I don’t see an obvious way that ProgramViewT violates right identity, can you show how that’s done? (In fact, it seems like it is essentially a free(r) monad to me)
Ah, I misremembered. It wasn’t operational
that exposed operations that allowed you to obtain the “bind” structure of the program. Perhaps there were some other attempts at libraries that exposed the constructors of the type, or maybe it was a more philosophical argument that “morally” operational
violated the monad laws even though “observationally” it didn’t. I wrote an article about an attempt at a free applicative that mentions the matter.
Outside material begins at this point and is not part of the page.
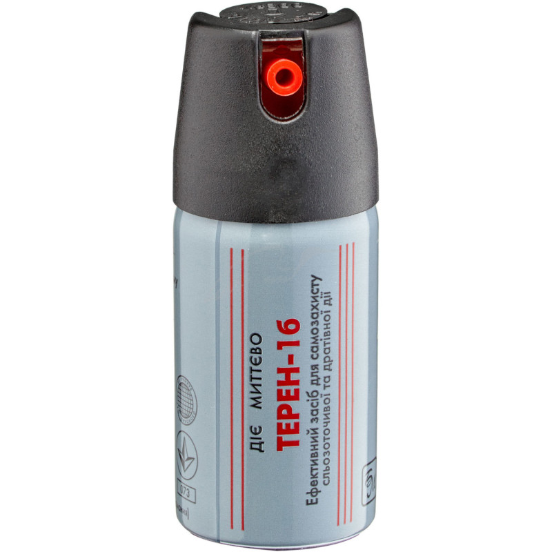 Вироби "Терен-1Б" (ТУ У 29.6-19485052-019-2002 призначені для використання цивільними особами в якості засобу самозахисту і являють собою балони аерозольного типу, заповнені препаратом, що містить речовина речовина сльозоточивої та дратівної дії (ірритант) - морфолид пеларгоновой кислоти. Препарат чинить вплив "конусом" аерозольного хмари, він ефективний при застосуванні як проти осіб, які перебувають у стані алкогольного сп'яніння, так і проти собак. Вироби є однофункціональними, невідновлювальними і неремонтованими. Застосовуваний склад не руйнує озоновий шар. Виріб сертифікований.

Anyway, I had an insight that maybe explains my confusion. Perhaps @rhendric thinks that some people are saying ‘the documentation for Ord
should state “these laws hold only up to some observation function”’ or “we shouldn’t be stricter in the documentation about what min
and max
can return”. If they are saying that then I object too! (This thread has gone on so long it’s hard to check whether someone said that.) My position is that we should state that the laws hold “on the nose” yet accept conventionally that they will be violated in ways that work out reasonably in practice.
EDIT: Ah, maybe that is indeed what Bodigrim is saying in Early feedback: left-biasing `max` - #76 by Bodigrim. I didn’t interpret it like that, and I don’t think that’s what Bodigrim meant, but I can understand how one could interpret it like that. (FWIW I thought Bodigrim meant “it’s fine to make the documentation more strict but we should also recognise that sometimes we’re going to violate those laws for practical reasons”. I may well be wrong!)
I love this examples! I fail to see however, why should this reasoning only apply to Ord, and not, say, Semigroup. It would be similarly useful if all the Semigroup laws were only defined up to an Eq.
Also I think that the current Base documentation, and Arg, and everything that builds on it is against the Haskell report. Also I think that this change is for the worse, and probably you should consider to change back: the only allowed min and max functions should be semantically equivalent to the min/max functions in the Haskell report.
(As it does.)
Yes, that’s what I thought Bodigrim’s position was.
Basically agree, though I think all of Bodigrim’s numbered examples are cases to which I would not be comfortable turning a blind eye, personally. (The unnumbered ByteString
example is totally fine.) But as a practical matter, non-abiding instances generally exist and there’s little that stricter folks like myself can do about it except disclaim that things you might expect to be true generally (like maximum = maximumBy compare
) may not hold in the presence of such instances.